Dissertações e teses são monografias que constituem elementos da comunicação científica, embora seu papel principal seja demonstrar que o candidato a um título acadêmico é capaz de conduzir e comunicar pesquisa independente e original.

O editorial da edição da Nature de 7 de julho de 20161 traz um dado peculiar: “de acordo com estatísticas frequentemente citadas que deveriam ser verdadeiras, mas provavelmente não são, o número médio de pessoas que leem uma tese de doutorado do início ao fim é 1,6, e isso inclui o autor”. O texto prossegue questionando qual seria o número de teses que o pesquisador típico – e leitor da Nature – teria lido por inteiro. Segundo o editorial, possivelmente não chegaria à marca de 1,6. O volume de teses, entretanto, vai continuar a aumentar, uma vez que milhares de candidatos a títulos de mestre e doutor em todo o mundo enfrentarão este rito de passagem que é a porta de entrada para o mundo acadêmico ou o mercado profissional. O Banco de teses e dissertações da Coordenação de Aperfeiçoamento de Pessoal de Nível Superior (CAPES), órgão do Ministério da Educação, registra 901.096 documentos desde 1987 até agosto de 2016.

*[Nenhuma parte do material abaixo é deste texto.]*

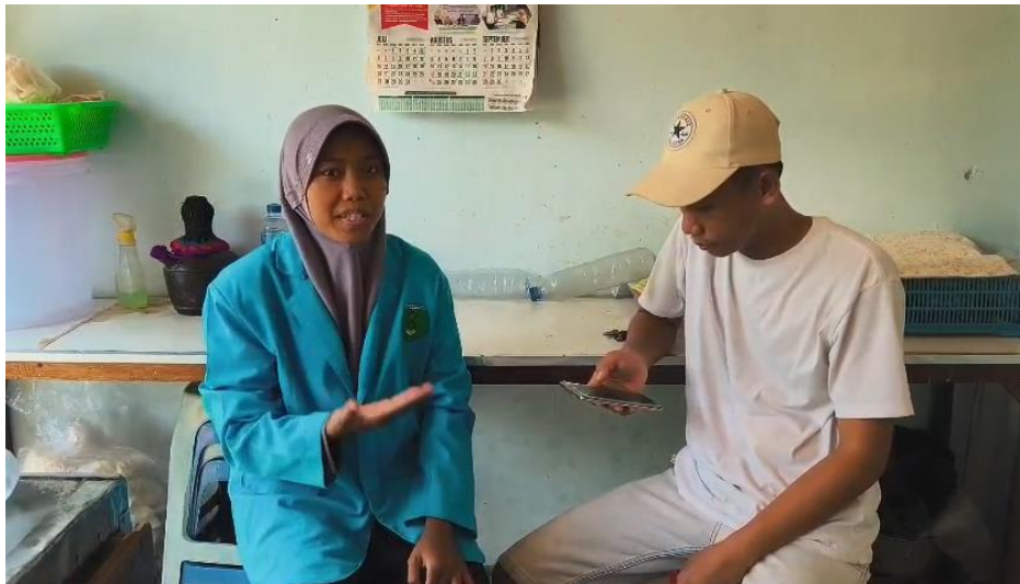
Gambar 4. Pendampingan Penggunaan Aplikasi Swa-Commerce

Dari program pendampingan, UMKM telah berhasil mengoperasikan platform Swa-E-Commerce mandiri (website toko online) untuk menerima pesanan langsung dari pelanggan. Hal ini menghilangkan ketergantungan pada platform pihak ketiga seperti GoFood atau GrabFood, sehingga menghemat biaya komisi 15-30% per transaksi. Penghematan ini dialihkan untuk meningkatkan modal usaha atau menawarkan harga lebih kompetitif kepada pelanggan.

Tendo em vista este cenário, todos têm a ganhar se as teses e dissertações forem concisas e objetivas. Informação da maior base de dados de teses de doutorado, ProQuest, situada em Ann Arbor, Michigan, EUA, indica que o número médio de páginas de uma tese aumentou de cerca de 100 nos anos 1950 para ao redor de 200 atualmente, fato mencionado no artigo de Julie Gold na Nature2. Evidentemente, o número de páginas não é proporcional à qualidade ou originalidade do trabalho, mas, a despeito disso, é difícil conscientizar os estudantes a reduzir o volume das teses, o que as tornaria mais fáceis de escrever, ler e avaliar.

Se a tese propriamente dita tem estrutura semelhante em muitos países, há uma grande diversidade na forma como ela é avaliada e o candidato arguido. A defesa de tese, viva voce (em latim) ou defence (em inglês) tem diferentes formatos nos países. Na Holanda, a defesa conta com vários examinadores e uma breve apresentação do trabalho pelo candidato, sendo aberta ao público. Na Austrália, o volume impresso da tese é encaminhado aos examinadores, que fazem comentários por escrito e a retornam ao candidato. Ele ou ela fará uma apresentação mais tarde, mas esta não influirá no resultado final. No Brasil, há instituições que conduzem defesas de tese abertas ao público, outras que o fazem em uma sessão que inclui apenas o candidato, o orientador e a banca examinadora.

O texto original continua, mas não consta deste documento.